Saint-Benoît à Istambul

« Ici, l’élan de générosité est impressionnant et fait tomber les barrières. Chacun participe, donne son sang, charge des camions. Nos congrégations respectives ainsi que la diaspora turque ont relayé des appels aux dons à l’international et beaucoup de pays ont répondu présents -comme la France qui déploie un hôpital de campagne dimanche-. Beaucoup de nos enseignants et personnels sont aussi partis prêter main forte pour fouiller les décombres, aider à nourrir les rescapés, servir d’interprètes. Mais l’effort devra être maintenu sur une longue durée à tel point les besoins vont être considérables en générateurs, chauffages, piles et en matériel médical comme des prothèses… », complète Hermine Ridé, chef d’établissement de Sainte-Pulchérie, d'Istambul.

Saint-Joseph à Istambul

Il s’agit aussi de se projeter dans le temps long de la reconstruction, comme l’évoque Paul-Yves Georges : « L’association des écoles privées de Turquie dont nous sommes membres a déjà lancé un appel à inventorier le mobilier scolaire que nous pourrions mettre à disposition. Nous répondrons bien sûr présents en ciblant nos efforts sur la reconstruction du réseau éducatif comme les lassalliens l’avaient fait à Izmit en 2000 en reconstruisant une école avec Caritas. » En attendant, la gestion de l’urgence continue et la question de l’accueil des populations sans-abris va notamment se poser.

D’ici là, les chefs d’établissement ont hâte de retrouver leurs élèves et savent que si leurs équipes d’éducateurs ne sont pas encore au complet, ceux qui sont restés mettront les bouchées double pour les accueillir. Des aménagements concernant les épreuves des concours d’entrée à l’université ont déjà été annoncés : ils ne porteront que sur les programmes du premier trimestre de terminale. Pour maintenir l’équité avec les sinistrés et abaisser -un peu- le niveau d’anxiété générale.

 

Caritas, présente en Turquie et partenaire des établissements catholiques locaux, a lancé un appel aux dons.

https://don.secours-catholique.org/urgenceturquie/~mon-don

 

Tragédie, en Syrie aussi

En Syrie, le bilan officiel fait état de 3600 morts – dont un prêtre grec-melkite, le père Imad Daher- et les premiers convois d’aide d’urgence n’ont pu arriver sur site que mercredi, indiquant une désorganisation maximale.
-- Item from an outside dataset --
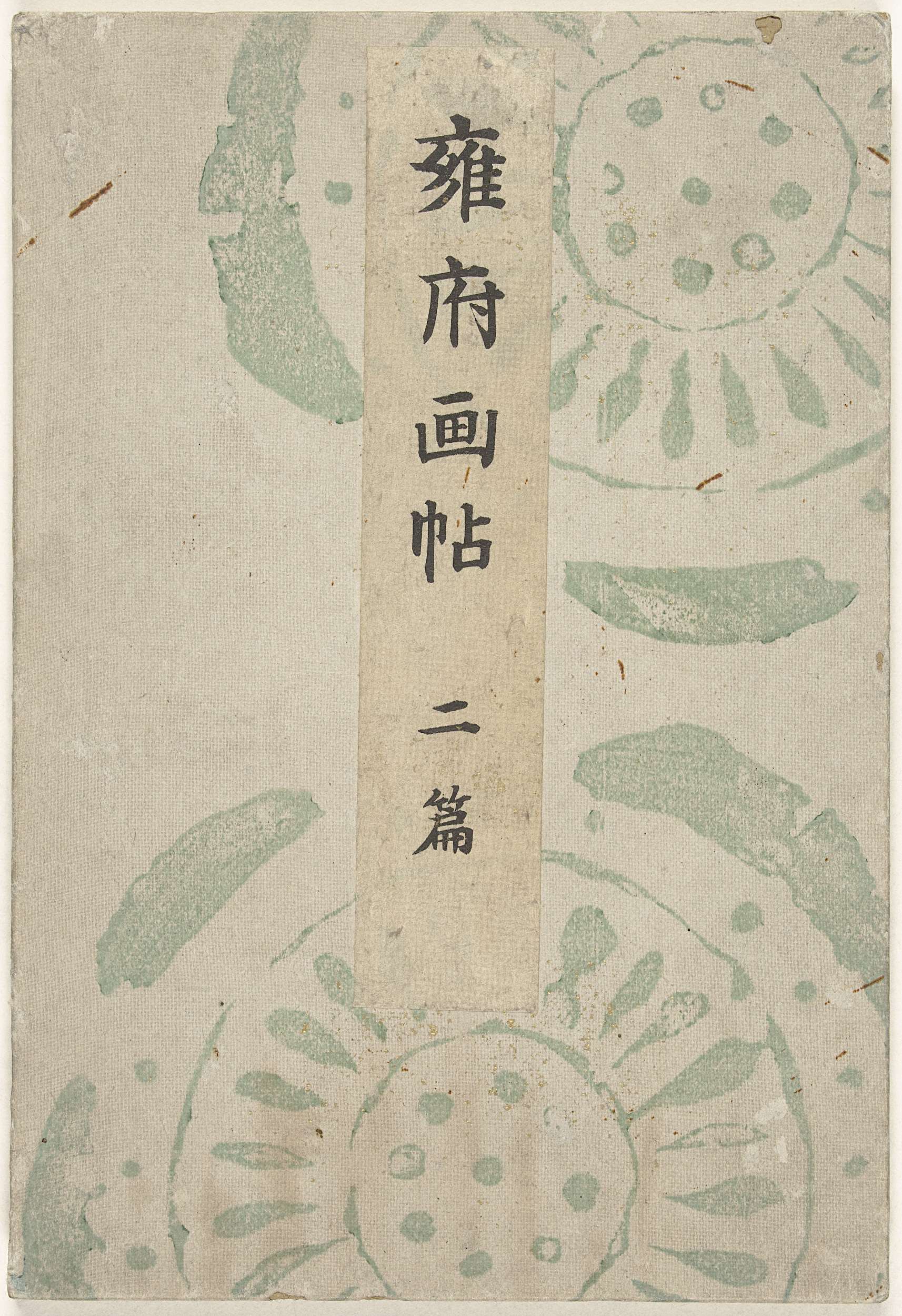 Deel twee (van drie); leporello boek; witte kaft met groen patroon; middenboven titelstrook; 13 bladen: twee pagina`s, kalligrafie tegen achtergrond met rode lijnen; twee pagina`s, inhoudsopgave; 10 landschappen; laatste pagina, colofon.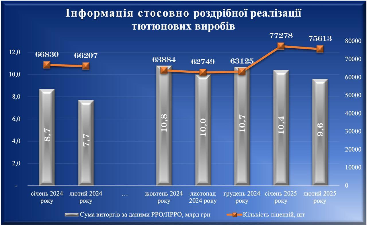 В феврале 2025 года выручка от продажи табачных изделий составила 9,6 млрд грн, что на 8% (800 млн грн) меньше, чем в январе. По сравнению с декабрем 2024 падение еще более впечатляющее — на 42 500 грн на одну лицензию. В целом средняя выручка на одну лицензию в феврале составила 127 000 грн, что на 7600 грн ниже январского показателя.

Plusieurs sites archéologiques ont été touchés, notamment la citadelle médiévale d’Alep et sa vieille ville, classée au patrimoine mondial en péril de l’Unesco.
A Alep, Franciscains, Salésiens et Frères maristes participent activement à l’aide d’urgence. L’OEuvre d’Orient concentre également son action dans cette région, dans une situation humanitaire catastrophique, après douze ans de guerre et où l’aide peine à arriver.

L’Œuvre d’Orient à ce jour n’organise pas de convois de biens matériels depuis la France. En revanche, elle a acheminé depuis Beyrouth, plus de 5000 couvertures à Alep. Les 400 000 € collectés par le fonds d’urgence de l’OEuvre d’Orient vont servir dans un premier temps à l’achat de couvertures, de produits d’hygiène et l’apport de repas chauds pour les personnes ayant perdu leur logement.